O ciclo de altas começou em março do ano passado, mas os primeiros efeitos em termos de inflação devem começar a ser sentidos só agora, já que os juros impactam a economia com uma defasagem de dois a três trimestres, conforme Tatiana. 

A previsão é que além da alta desta quarta, outro aumento seja feito na próxima reunião do Copom, prevista para março. A partir daí, os juros devem ficar estabilizados durante o ano e voltar a cair, talvez, no final do ano, após as eleições. 

O patamar em que a próxima alta ocorrerá ainda é divergência dentro do mercado. No comunicado do Copom, o Comitê anteviu como “mais adequada” a redução do ritmo de ajuste da taxa básica de juros, o que significa que o próximo aumento deve ser inferior a 1,5 p.p. 

Para Tatiana, apesar de ser esperada uma trajetória de quedas a partir do fim de 2022, a Selic não deve chegar novamente aos níveis de 2020. Ela considera que a Selic neutra para o Brasil é a 7,5% a.a. 

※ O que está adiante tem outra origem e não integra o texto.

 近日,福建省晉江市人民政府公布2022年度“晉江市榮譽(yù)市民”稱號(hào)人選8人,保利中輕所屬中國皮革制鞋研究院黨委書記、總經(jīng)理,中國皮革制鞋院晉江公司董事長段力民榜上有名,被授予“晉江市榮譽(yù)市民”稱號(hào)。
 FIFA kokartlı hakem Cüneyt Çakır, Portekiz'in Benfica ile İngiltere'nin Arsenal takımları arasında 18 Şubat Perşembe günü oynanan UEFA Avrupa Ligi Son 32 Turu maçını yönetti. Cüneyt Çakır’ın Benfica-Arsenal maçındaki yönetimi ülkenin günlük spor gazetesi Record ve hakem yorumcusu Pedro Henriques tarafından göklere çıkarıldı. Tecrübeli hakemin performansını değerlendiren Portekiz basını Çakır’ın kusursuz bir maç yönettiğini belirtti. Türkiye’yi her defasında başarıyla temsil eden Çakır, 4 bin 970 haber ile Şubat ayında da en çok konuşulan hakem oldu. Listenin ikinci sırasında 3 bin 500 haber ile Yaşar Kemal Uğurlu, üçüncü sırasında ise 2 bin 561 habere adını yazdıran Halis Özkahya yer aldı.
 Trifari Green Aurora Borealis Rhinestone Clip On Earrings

O Banco Central pode levar os juros para baixo por algum motivo excepcional, mas levar os juros ao patamar mais baixo é um caminho muito longo que o Brasil tem que percorrer, porque nós temos uma dívida bruta muito grande. A gente só consegue enxergar juros mais baixos quando os investidores tiverem confiança na solvência dos investimentos
Tatiana Nogueira
economista da XP

Impacto na economia 

A Selic a 10,75% torna mais caro o custo de empréstimos e financiamentos. Felipe Venturini acrescenta que, para além das pessoas físicas, o próprio governo também paga mais pelas dívidas. 

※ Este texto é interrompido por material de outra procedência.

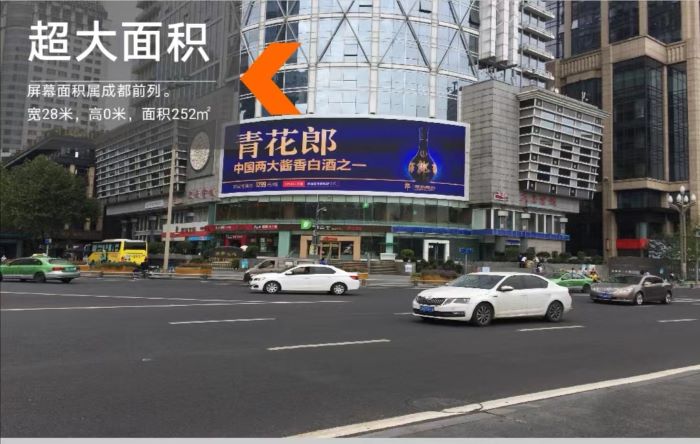 地理位置:位于天府广场核心展示区域,紧邻百扬大厦、摩尔百货、仁和春天等重要商业地标,无缝覆盖地铁1、2号线换乘站及周边主干道车流人潮。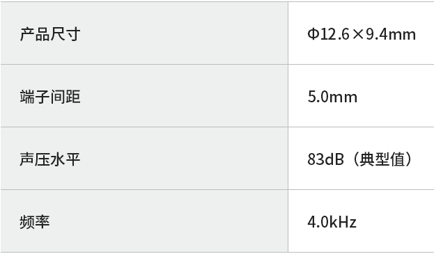 ●    體積小、高聲壓:兼顧易聽的聲壓和小型化,實現(xiàn)了元件小型化和電路板節(jié)省空間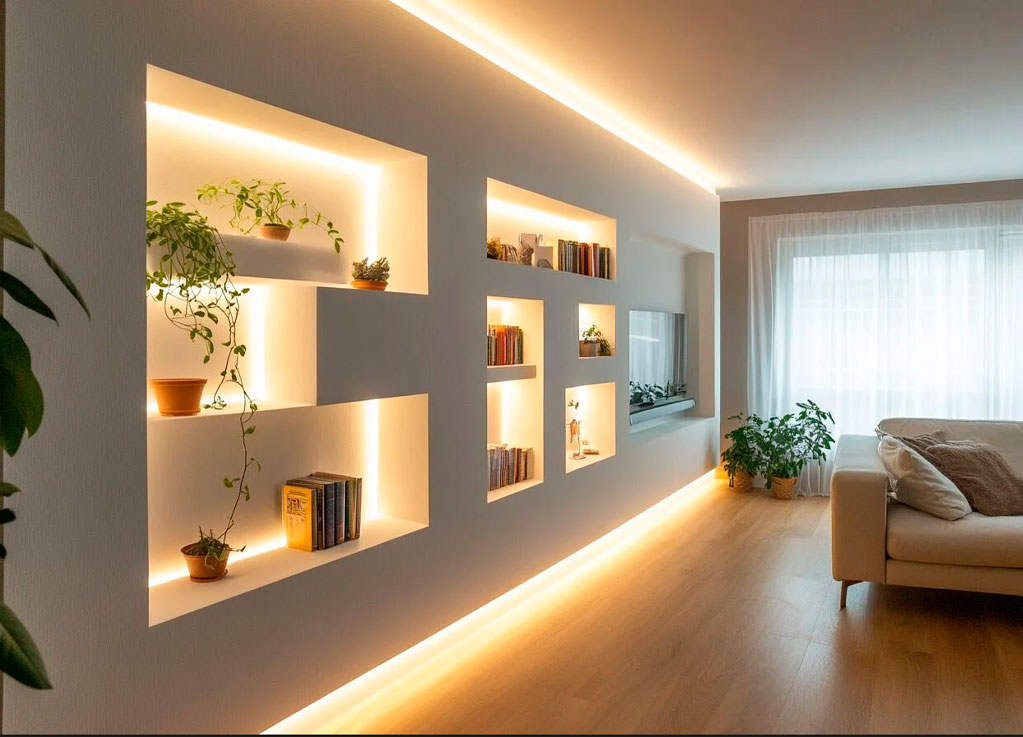 Diseñamos e instalamos decoraciones de interiores y exteriores con tablaroca (panel de yeso), ofreciendo soluciones versátiles como muros divisorios, techos falsos, nichos, libreros integrados, centros de entretenimiento modernos y mucho más

“Quando tem um aumento na taxa de juros impacta o cálculo econômico tanto do governo quanto das pessoas. Se tem um aumento de 8,75p.p. na Selic [em um ano], tem um aumento no custo da sua dívida de quase 450%”, calcula. 

Tatiana projeta que a influência da Selic sobre a inflação deve começar a ser percebida, mas relacionada ainda às altas do ano passado. É esperada para 2022 uma menor pressão inflacionária, com a inflação se aproximando da meta – definida em 3,5% pelo Conselho Monetário Nacional (CMN), com margem de 1,5 p.p. para cima ou para baixo. 

Aumentar os juros, segundo Venturini, também é uma forma de ajustar o câmbio. Isso porque, com a Selic mais alta, os investimentos se tornam mais atrativos, inclusive para investidores internacionais, que injetam dólares no país. 

“O aumento na taxa de juros interfere diretamente no preço mais importante da economia, que é o câmbio. O câmbio afeta todos os produtos da economia brasileira porque serve de referência para exportação, importação e toda a cadeia produtiva”, reflete. 

Apesar de a renda fixa passar a remunerar mais o investidor com o aumento da Selic, a poupança tem a rentabilidade congelada. Segundo a regra do investimento mais popular entre os brasileiros, a rentabilidade da poupança é de 70% da Selic desde que a taxa básica de juros esteja em até 8,5% - passado esse teto, o fundo passa a render 0,5% ao mês.